Simulating Birth-Death Processes at Small Populations
In birth-death processes for populations, what are solutions for preventing the same individual from both giving birth and dying simultaneously (meaning the same time-step) in your model?
Would there be any research articles, or review papers, on this topic?
I'll provide some context:
Let's say the timestep is a year. You might say - A certain percentage of individuals of a certain age will give birth and a certain percentage will die, and so I don’t need to care if any particular individual does one, both or neither; it’s the percentages that matter.
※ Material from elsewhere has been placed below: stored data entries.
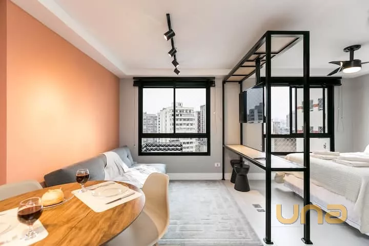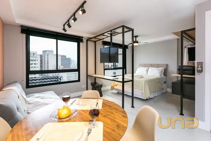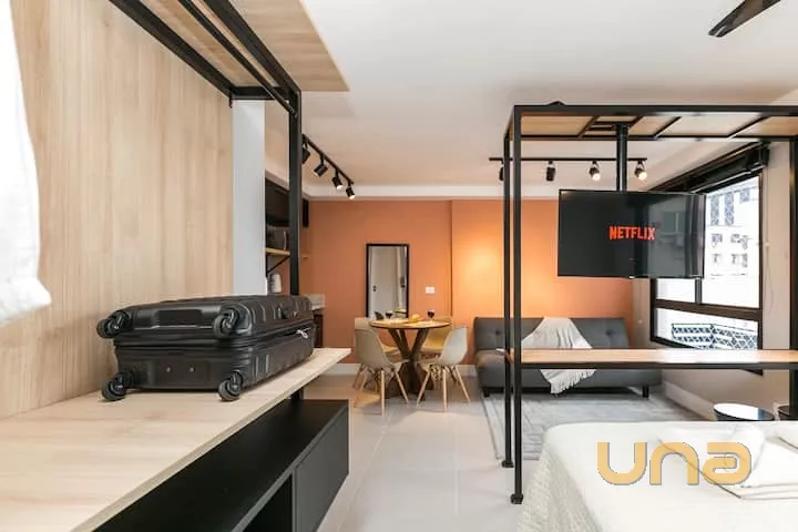 Apartamento mobiliado Apartamento mobiliado com estilo moderno e arquitetura industrial, ideal para quem busca praticidade e bom gosto no coração de Curitiba. Possui piso em porcelanato fosco e ambientes bem equipados e funcionais. O imóvel conta com ar-condicionado, armários embutidos, cama, frigobar, fogão por indução, micro-ondas, pia e bancada em pedra de granito. Além disso, dispõe de um banheiro completo com box de vidro, pia com armário, espelho e chuveiro a gás. A sala é equipada com sofá-cama, mesa com cadeiras, ventilador de teto, TV e painel. SOBRE O CONDOMÍNIO Condomínio ALL YOU NEED Comodidades oferecidas: Portaria 24hrs, Portão eletrônico, Academia equipada, lavanderia equipada, salão de festas, Espaço gourmet, coworking, Sala de TV, terraço, Espaço café, restaurante no proprio condominio. Valor do condomínio: R$ 600 SOBRE A LOCALIZAÇÃO R. Riachuelo 110, Centro- Curitiba/PR Em frente a Praça Tiradentes e ao lado das Rua xv, com toda infraestrutura comercial: Mercados, farmacias, clinicas médicas, Restaurantes, Cafés, Livrarias, lojas, Parques e shopping Italia e muito mais!!! Gostou deste imóvel? Entre em contato e agende uma visita para conhecer pessoalmente!
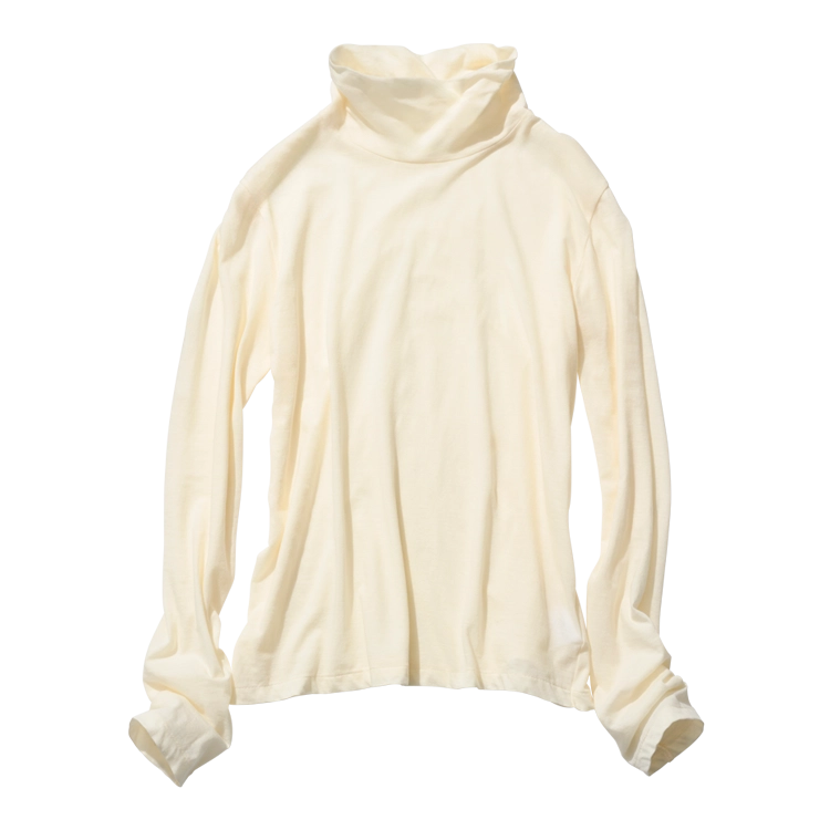 インナーとしても、1枚でも大活躍するタートルネック。クセのないシンプルなホワイトなら、清楚感と大人っぽさをプラスできる。
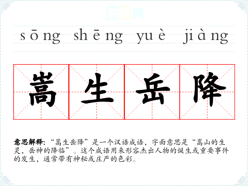 “嵩生岳降”这个成语不仅丰富了汉语的表达,也体现了对历史和英雄的尊重。在语言学*和表达中,理解和运用这样的成语可以增强语言的深度和美感。
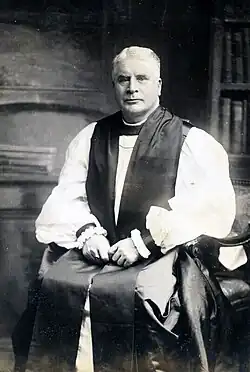 Clarke was approached for nomination as Bishop of Melbourne and announced his acceptance of this in early September 1902.[3] The following month he received the degree Doctor of Divinity (DD) from the University of Cambridge.[4] He was consecrated Bishop by the Archbishop of Canterbury in St Paul's Cathedral, London, on 1 November 1902,[5] and arrived in Melbourne in February 1903. Since the resignation of Bishop Goe the area of the Diocese of Melbourne had been greatly reduced by the formation of new dioceses based in Bendigo, Wangaratta and Gippsland. When Clarke began his ministry he appointed a commission to document the present position and future needs of the diocese and later came to the conclusion that certain parishes had become too large and needed subdividing, that means must be found for a more complete training of the clergy, and that there must be an extension of secondary education by means of church schools. A pioneer of ecumenism, he was a member of the Council of Churches in Victoria and its president in 1904. In 1905 Clarke became first Archbishop of Melbourne and Metropolitan of Victoria. He ruled his diocese firmly and refused to allow himself to be allied to any party. Recognising that what may be called the puritanical and the aesthetic types of mind are permanent in human nature, he felt that the safest approach would be found in a middle course, and that no good would be done by straining for uniformity in minor issues. In practice, however, Clarke generally opposed evangelicals, as exemplified by the forced resignation of C. H. Nash.[6]
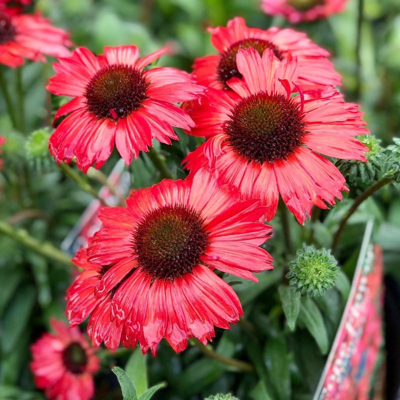 'Kismet Red' combines a dense, compact form with huge flowers that bloom nonstop. The buds begin to open in late spring and continue to show off brilliant, slightly curved, intense red rays surrounding orange cones through the summer.
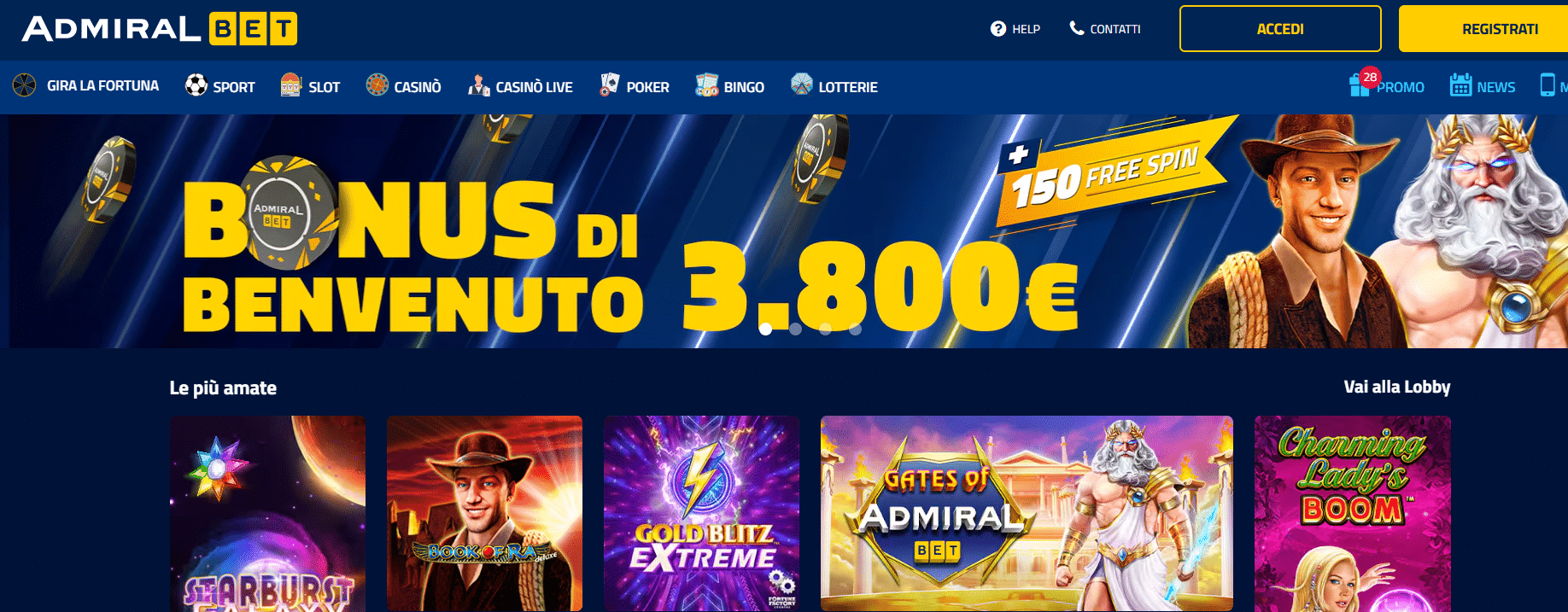 - AdmiralBet – Solida alternativa italiana con licenza ADM, apprezzata per l’interfaccia semplice e i bonus facili da riscattare. Ottima scelta per chi cerca un sito affidabile con quote competitive e palinsesto ben strutturato, soprattutto sul calcio.
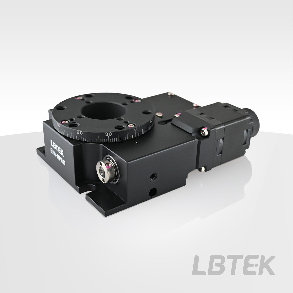 The motorized rotary translation stage from LBTEK provides 360° continuous rotation motion, with a circumferential scale of 2° and a resolution up to 0.001° or 0.0018° subdivision. Precise rotational motion control is achieved by a stepping motor driving a worm gear mechanism that actuates the slide stage, which operates on deep groove ball bearing slides. The base features three or four M6 countersunk holes for installation onto optical tables or custom-built stage models using included three or four M6 socket head cap screws. The EM-RP40 platform surface has a set of M6 tapped holes evenly distributed on a Ø25 mm reference diameter circle with an SM05 tapped through-hole at the center. The EM-RP60 translation stage includes a set of 22 mm-spaced M4 tapped holes, a set of 30 mm-spaced M3 tapped holes, and a set of Ø50 mm reference diameter M6 tapped holes, with an SM1 tapped through-hole at the center. The EM-RP100 stage features a set of M6 tapped holes evenly distributed on a Ø75 mm reference diameter circle with an SM2 through-hole at the center. Users can install optical components or assemble optical systems using mechanical parts with the same thread specifications. The motorized rotary translation stage requires a motorized stage controller. LBTEK offers the EM-CV5-x series controllers for selection. Note: The corresponding motorized rotary translation stages do not include optical component retaining rings.
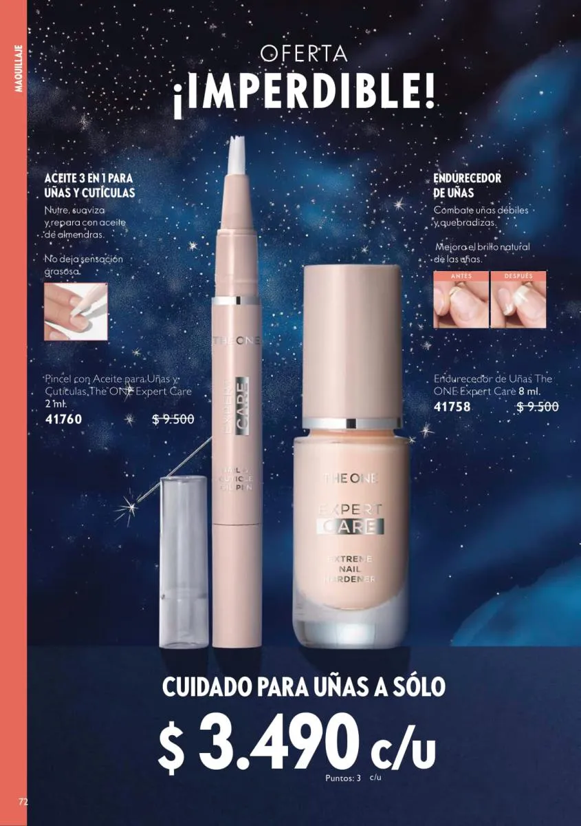 Y para tus uñas, el acabado tipo gel pero sin lámparas ultravioletas que te ofrecen los esmaltes The One, con la mejor tecnología photo reactive. Y si tus uñas se quiebran, no dejes de probar el esmalte endurecedor de Expert Care, formula enriquecida con calcio.
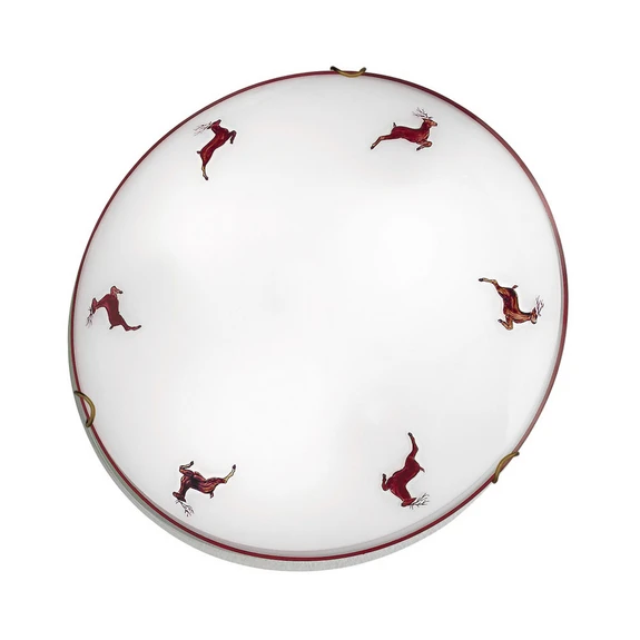 Designet til taklampe Nonna virker i utgangspunktet veldig enkel og klassisk rund. Straks legger man merke til det delikate hjortedyret, som hopper etter det andre som i en sirkel. Denne pene innredningen påføres håndblåst, hvitt glass og gjør hver lampe unik.
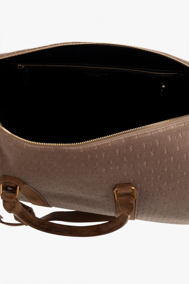 Beige and brown ‘Le Monogramme 48H’ holdall bag from Saint Laurent. Crafted from velvet embossed with a monogram pattern and lamb leather trims. Fastened with a two-way zip, this design features two half-round handles with a padlock on a strap, detachable and adjustable shoulder strap, antique gold-tone metal hardware and one internal compartment with one zip pocket.

The problem with looking out for what happens after a year is that it potentially under-estimates the rate of extinction. This happens because a population size of zero is a special case that we need to treat differently. For example, let's look at a population of rabbits of size 1. Lets say they have averaged rates of 10 births/year and 5 deaths/year. In a population of size 1, clearly, the extinction rate is > 1/3 since there's is a 33.3% chance a death occurs first and there is a non-zero chance extinction occurs even if growth occurs first. However if we calculate Pois(10)-Pois(5) as a realization of the population size change, that value is less than zero 7.4% of the time. This gives a completely wrong extinction percent (>33.% vs 7.4%) since it is not taking into account the fact that anything that reaches a zero population size is extinct regardless of whatever is simulated to happen afterwards.
Another way to put this issue is that the distribution of the change in population size becomes skewed at small sizes since you can't treat size zero normally. The question I want answered is how I simulate this distribution.